AIM OF THE EXERCISE: Beginning with the line containing "自2019年iTalkBB推" and ending with the line containing "Am Paderborner Westerntor", write out each line of the records below exactly; pictures and lines outside that range are left out.

EXERCISE DATA:
----------------------------------------

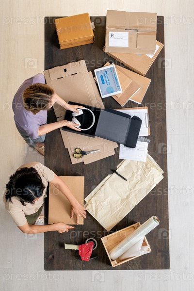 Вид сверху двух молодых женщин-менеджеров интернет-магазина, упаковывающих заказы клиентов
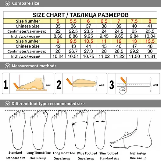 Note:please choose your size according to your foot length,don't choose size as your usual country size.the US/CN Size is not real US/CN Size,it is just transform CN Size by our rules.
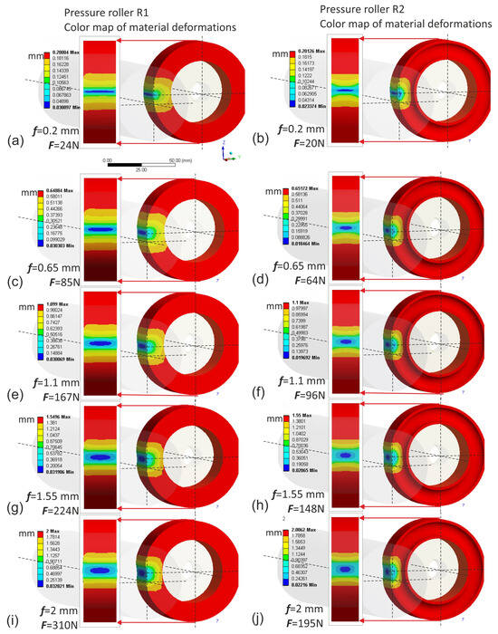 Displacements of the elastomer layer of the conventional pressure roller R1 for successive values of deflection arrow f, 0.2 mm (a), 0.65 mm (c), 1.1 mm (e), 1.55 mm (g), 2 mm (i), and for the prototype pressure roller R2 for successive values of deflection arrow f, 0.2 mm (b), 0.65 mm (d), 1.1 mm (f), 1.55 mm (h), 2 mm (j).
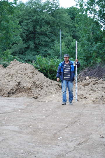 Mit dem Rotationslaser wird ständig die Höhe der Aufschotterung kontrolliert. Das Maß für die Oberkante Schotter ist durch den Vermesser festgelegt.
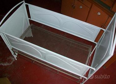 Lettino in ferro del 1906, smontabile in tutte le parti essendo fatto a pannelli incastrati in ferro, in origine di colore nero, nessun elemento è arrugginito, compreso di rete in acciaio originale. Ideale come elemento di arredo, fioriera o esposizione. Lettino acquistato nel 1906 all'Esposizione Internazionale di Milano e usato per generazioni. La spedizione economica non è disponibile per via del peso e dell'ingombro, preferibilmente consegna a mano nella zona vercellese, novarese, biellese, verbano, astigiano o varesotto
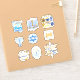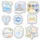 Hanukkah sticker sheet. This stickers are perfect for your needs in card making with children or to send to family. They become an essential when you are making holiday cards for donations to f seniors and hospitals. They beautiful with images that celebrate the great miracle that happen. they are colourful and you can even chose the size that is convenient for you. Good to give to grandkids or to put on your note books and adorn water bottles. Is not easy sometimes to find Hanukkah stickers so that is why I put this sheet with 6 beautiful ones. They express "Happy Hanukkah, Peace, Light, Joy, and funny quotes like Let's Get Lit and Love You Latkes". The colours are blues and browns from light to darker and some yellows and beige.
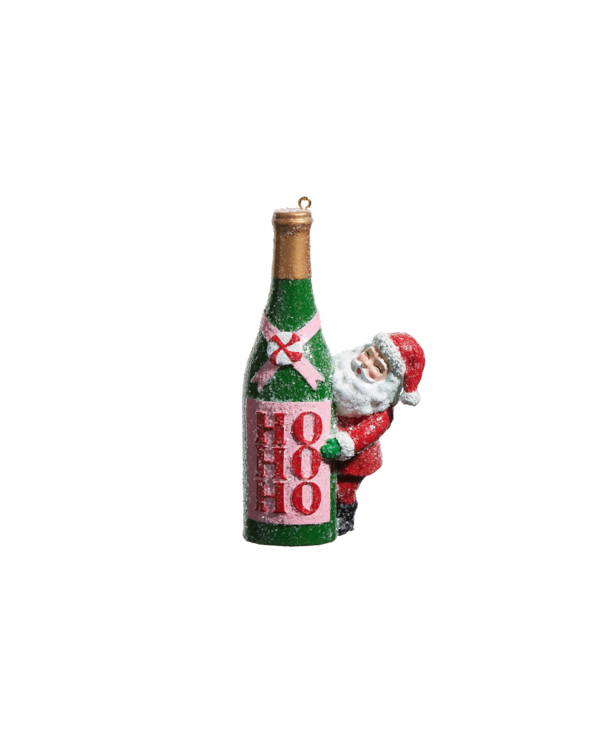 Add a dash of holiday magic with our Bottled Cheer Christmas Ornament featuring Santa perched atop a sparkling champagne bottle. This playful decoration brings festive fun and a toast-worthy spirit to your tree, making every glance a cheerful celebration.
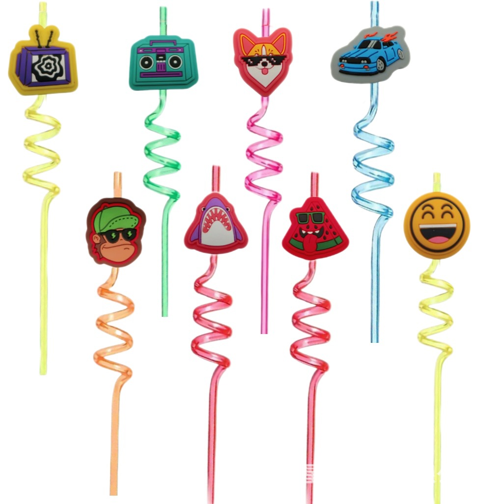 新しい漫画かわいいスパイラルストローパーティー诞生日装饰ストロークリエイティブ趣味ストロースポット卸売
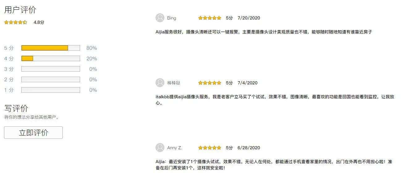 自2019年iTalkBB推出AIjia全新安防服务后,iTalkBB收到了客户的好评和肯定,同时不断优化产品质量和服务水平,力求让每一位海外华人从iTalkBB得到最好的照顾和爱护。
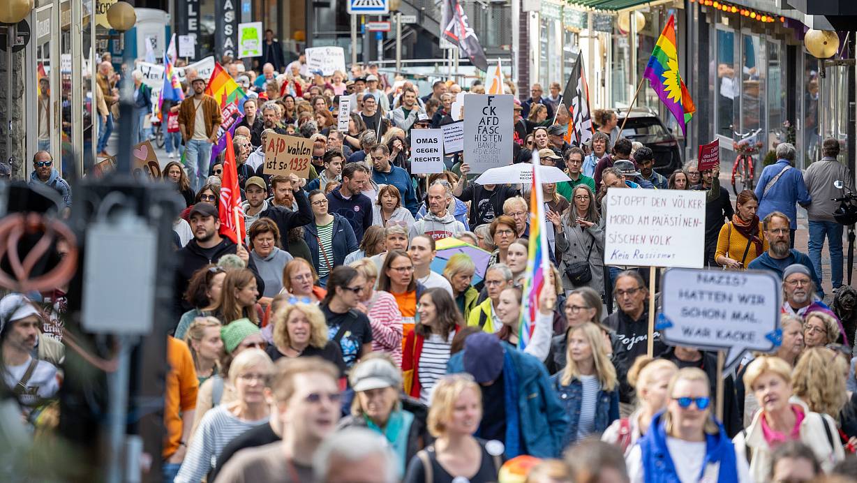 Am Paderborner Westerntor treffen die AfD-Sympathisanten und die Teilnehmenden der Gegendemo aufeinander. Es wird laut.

----------------------------------------

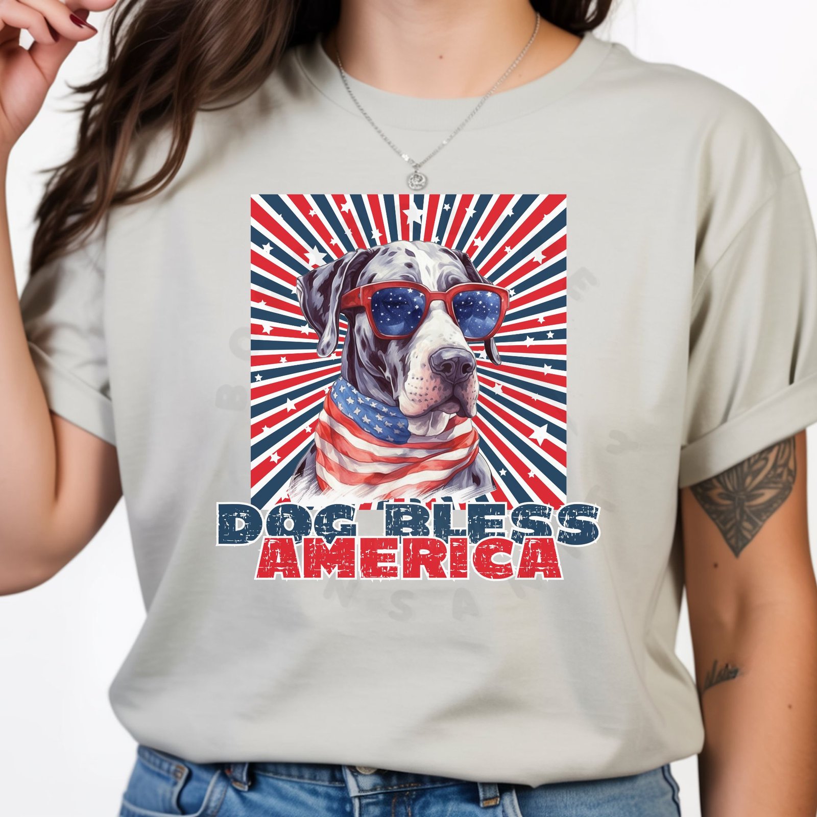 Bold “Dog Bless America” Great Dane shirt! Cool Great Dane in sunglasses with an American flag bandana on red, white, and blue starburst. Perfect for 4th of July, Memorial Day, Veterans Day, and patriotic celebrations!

----------------------------------------

SOLVED EXERCISE:
 自2019年iTalkBB推出AIjia全新安防服务后,iTalkBB收到了客户的好评和肯定,同时不断优化产品质量和服务水平,力求让每一位海外华人从iTalkBB得到最好的照顾和爱护。
 Am Paderborner Westerntor treffen die AfD-Sympathisanten und die Teilnehmenden der Gegendemo aufeinander. Es wird laut.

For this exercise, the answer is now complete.